Ramadan 2020: The holy month of the Muslim calendar is going to start from 23rd April and will last till 23rd May
The coronavirus lockdown has disturbed the celebration of several festivals all around the world. It is also going to affect the people who were eagerly waiting for Ramadan 2020. Muslims across the world embrace Ramadan, the ninth and holiest month of the Islamic calendar in which people observe fast (Roza) for 30 days. They neither drink water nor eat anything till the end of the day.
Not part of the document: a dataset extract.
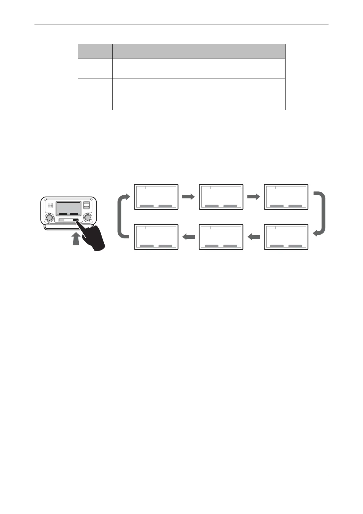 In normal operation the display shows one of six main operating screens. The next screen can be selected at

People gather to break the fast in the evening together.
This year, it seems that people wouldn’t be able to gather in the evening looking at the grim situation across the world due to coronavirus lockdown. Islamic organizations have urged the followers to strictly follow the guidelines of government and violate the lockdown rules. Gatherings are banned at markets, public spaces, markets or religious places in India till the lockdown.
The holy month of Ramadan, also known as Ramzan is all set to begin from 23rd of April. People will Keep Roza for 29-30 days and eat only when they see the moon every evening. They will continue to do this fast for one complete moon cycle and celebrate Eid-al-Fitr on the 30th day which will fall on 23rd May this year.
Ramadan 2020: Significance of Roza during Holy month
It is said that the spiritual intention of fasting for a month is to know and understand the pain of hunger and thirst and to surrender the soul to the almighty. As per the scriptures, the devils are locked up in chains in hell and nobody can come in the way of the almighty and your true prayers throughout this month. The holy Quran was first revealed on the night of Layla al-Qadr for mankind in the month of Ramadan only.
Rules of Roza
People who follow this Ramadan observe fast from sunrise to sunset. They eat or drink something before the sunrise and once the moon appears, they break their fast by consuming dates first. The festival is said to be obligatory for adult Muslims, except the pregnant, chronically ill, menstruating, diabetic, or breastfeeding. Muslims offer prayers five times during the morning till night. They are known as Fajr (Dawn), Dhuhr (noon), Asr (afternoon), Maghrib (evening), and Isha (night).